Павел жалел, что не было рядом политрука. Вот бы порадовался за молодого агитатора!
— Красную Армию фашист не одолеет, — убежденно говорил Павел, чувствуя, что земляки ему верят.
И вдруг — голос:
— Но вы же отступаете?
— Отходим… С боями. Своего слова еще не сказали наши главные силы…
Люди настороженно молчали. Поверили или не поверили? В дверях показалась мать. Придерживаясь за косяк, упрекнула соседей:
— Сын с дороги, а вы, наче зроду не бачилы…
Покашливая, сельчане начали виновато расходиться.
Вскоре остался один, немолодой уже, с глубокими залысинами, по виду то ли учитель, что ли агроном. У Павла память цепкая: что-то не встречал он его ни в Стуфченцах, ни в райцентре. Из приезжих, видать. Человеку хотелось поговорить наедине. Ну что ж, без свидетелей, так без свидетелей… Щуря холодноватые глаза, собеседник угодливо качнулся:
— Хорошо вы сказали о Красной Армии. Свое учреждение уважать надо. И все же… — незнакомец взглянул на Павла как на непонятливого ученика, — реальный перевес на стороне Гитлера. Или, может, у вас другие аргументы?
Павел не ошибся: это не колхозник. А кто же?
— Аргумент один, — строго ответил он, — на нашем направлении враг превосходит численностью техники. Но это превосходство временное.
— А в Белоруссии? В Прибалтике? В Молдавии?
Павел едко усмехнулся:
— Откуда это вам все известно?
— Оттуда. — Незнакомец показал в небо и тут же перевел на другое: — Был бы жив твой отец, он бы тебе посоветовал остаться дома.
— Вы знали моего отца?
— Знал… Он так любил своего единственного сына!

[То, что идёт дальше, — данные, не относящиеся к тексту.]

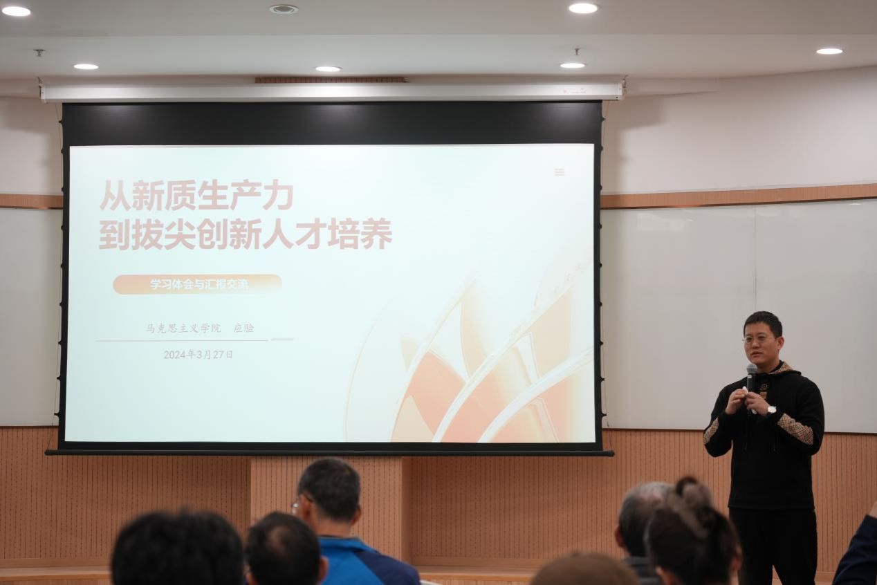 会议邀请了马克思主义学院教师应验为本科生院教职工做专题辅导报告。应验以《从新质生产力到拔尖创新人才培养》为题,围绕“新质生产力重要论述学习、新质生产力核心意涵阐释、拔尖创新人才培养探讨”三个方面展开。应验引用教育部部长怀进鹏在今年两会民生主题记者会上的讲话内容,说明了拔尖创新人才对于发展新质生产力的重要作用。最后,应验还提出了关于“扎根中国大地自主培养拔尖创新人才”的若干思考和建议。与会老师专注听讲,并认真记录。

И мать… Ей без тебя тяжко…
Интерес к незнакомцу сменился настороженностью.
— Допустим, я останусь. А придут немцы…
Незнакомец оживился, приблизился, горячо задышал, от него несло луком:
— Конечно, придут! И даже скоро.
— …ну и повесят меня, — заключил Павел.
— Ни в коем случае! — торопливо шептал незнакомец. — Кто ж такого хлопца даст в обиду! Немцы, они люди, тех, кто добровольно, не трогают.
— А вы знаете, что я — коммунист?
— Ты прежде всего украинец. Останешься — получишь землю… Колхозов не будет… Большевистской партии — тоже…
— Ах ты, слизняк!
Павел вихрем вломился в хату и через какие-то секунды с обнаженной шашкой вылетел во двор.
По картофельной ботве, спотыкаясь и падая, улепетывал в сторону леса незнакомец. Без пиджака, в подтяжках, он бежал по-военному, прижав локти к бокам, как на кроссе.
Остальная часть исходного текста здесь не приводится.